COVID-19 provides a many-faceted disease picture, and there are several potential diagnostic imaging methods for assessing and monitoring patients. The following is a review of indications and usefulness and presents example images with typical findings at different stages of the disease. As viral pneumonia and acute respiratory distress syndrome are salient features, special emphasis is placed on X-ray and CT imaging of the lungs.
In the ongoing pandemic, the value of diagnostic imaging must be balanced against available resources. Both the capacity challenges presented by the crisis and the interests of infection control point to strictly targeted use. The need for diagnostic imaging of COVID-19 patients must be managed in the same way as for other patient cohorts, on the basis of a clinical evaluation, but only when the findings are anticipated to have therapeutic implications. See
Box 1 for our recommendations.
Box 1 Our diagnostic imaging recommendations
The need for diagnostic imaging of patients with COVID-19 is based on clinical assessment in the same way as for other patient cohorts.
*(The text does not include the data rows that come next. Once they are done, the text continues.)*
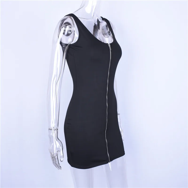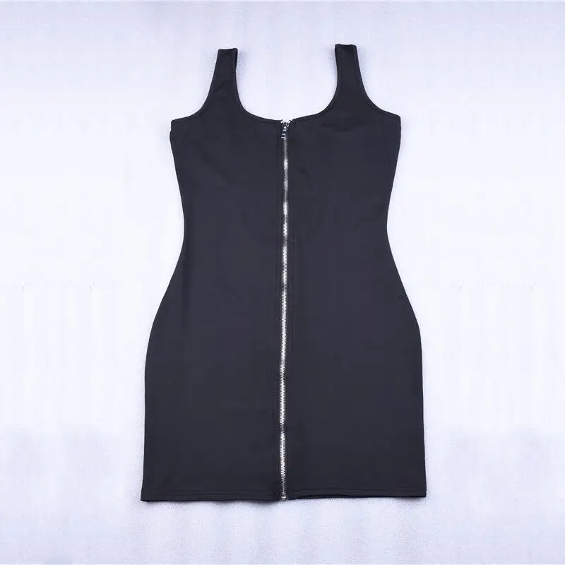 Women's Summer Sexy Zipper Halter Backless Intellectual Solid-colored And Stylish Bodycon Suspender Simple Sleeveless Dress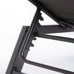 Lit bébé haut en aluminium avec roues Hilde anthracite 32h cm Caractéristiques du produit: Structure en aluminium enduit de poudre (polyester) assise et dossier en textilène 2x1 (avec rembourrage) dossier inclinable en 5 positions vis...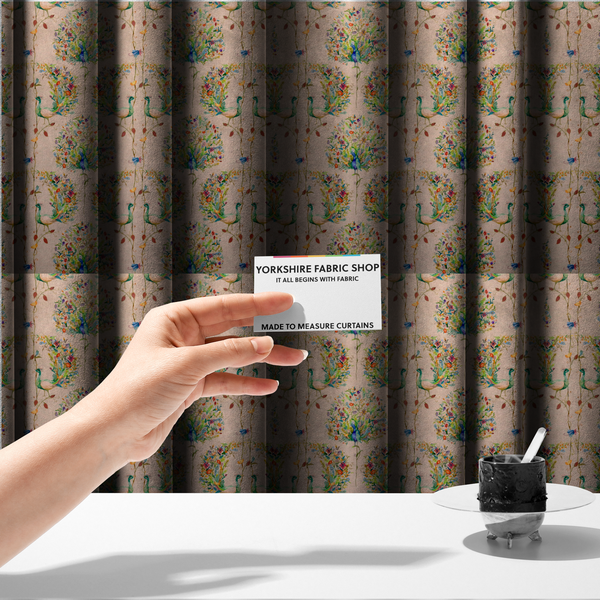 Transform your windows into a enchanted sanctuary with this captivating peacock-inspired upholstery fabric. Featuring intricate garden motifs in rich, jewel-toned hues, DP-52 brings an air of whimsy and elegance to any room. Perfect for made-to-measure curtains, this versatile fabric drapes beautifully whilst adding a touch of mystical charm. Whether you're channelling bohemian flair or creating a statement focal point, this showstopper design invites nature's most majestic bird into your home with playful sophistication.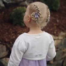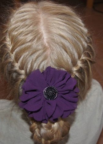 If you do not know how to weave some incredible braids, then you can braid just two ponytails. From them you can make simple French braids. Original design them with a beautiful hairpin - and your princess is ready to go out.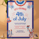 Junte-se às festividades com este vibrante e personalizável convite à comemoração de 4 de julho. Projetado para captar o espírito do Dia da Independência, este convite é perfeito para um encontro com amigos e familiares. A design apresenta um tema patriótico com sotaques vermelhos, brancos e azuis, ilustrações de fogos de artifício, e símbolos americanos icônicos como a Estátua da Liberdade e o chapéu do Tio Sam. A tipografia ousada e brincalhona adiciona um toque divertido, fazer convidativo e festivo. O que torna este convite especial é sua natureza personalizável. Você pode personalizar facilmente os detalhes, como a data, hora, local e informações de RSVP, garantindo que seus convidados tenham todas as informações necessárias para sua celebração. Perfeito para um evento de exibição de Dia de Independência, churrasco ou fogos de artifício, este convite definirá o tom de um encontro memorável.

Infection status must not prevent necessary diagnostic procedures and assessment.
Diagnostic imaging can only be justified where the findings will have clearly defined therapeutic implications.
Chest X-rays are neither sensitive nor specific to COVID-19, and findings may be normal in early stages of the disease.
At the time of assessment, a chest X-ray is indicated with differential diagnoses in mind, but can neither rule out nor confirm COVID-19. The examination is also important as a baseline for disease progression and later follow-up.
In the course of the disease, a chest X-ray is indicated for checking technical medical equipment, on suspicion of complications, and in follow-up and monitoring when findings may have implications for further treatment.
Daily routine chest X-ray is not indicated for stable intubated patients.
Chest CT may be sensitive to COVID-19 pneumonia, but is not specific. Other acute interstitial pneumonias may yield similar findings.
CT should not be used as a screening tool for patients with mild or no symptoms.
At the time of assessment, CT can be used for unresolved conditions, negative polymerase chain reaction (PCR) and clinical suspicion of COVID-19, and when establishment of infection has substantial consequences.
In the course of the disease, CT is indicated in the event of clinical suspicion of complications.
Incidental findings on CT scans that arouse suspicion of COVID-19 should lead to prompt assessment for COVID-19.
The disease may present with symptoms in other organ systems and may appear as a secondary finding in radiological examinations on another indication. This demands alertness and good organisation.
Background documents and recommendations on imaging of patients with COVID-19 have rapidly been drawn up worldwide (
1– 4). To date (April 2020) this has not been done at national level in Norway. In our experience, both CT and chest X-ray are used to only a limited degree as a primary diagnostic method. Both methods are well established and often a matter of course in assessing and monitoring pulmonary disease.
Clinicians should familiarise themselves with CT and X-ray findings that are typical of COVID-19 pneumonia. In the following we therefore present such findings in the different stages of the disease.
Diagnostic imaging findings in COVID-19 cases must be regarded as non-specific and overlapping with findings in other viral pneumonias and some bacterial pneumonias. X-ray findings alone do not rule out the need for specific virus testing and should not be regarded as a substitute for this.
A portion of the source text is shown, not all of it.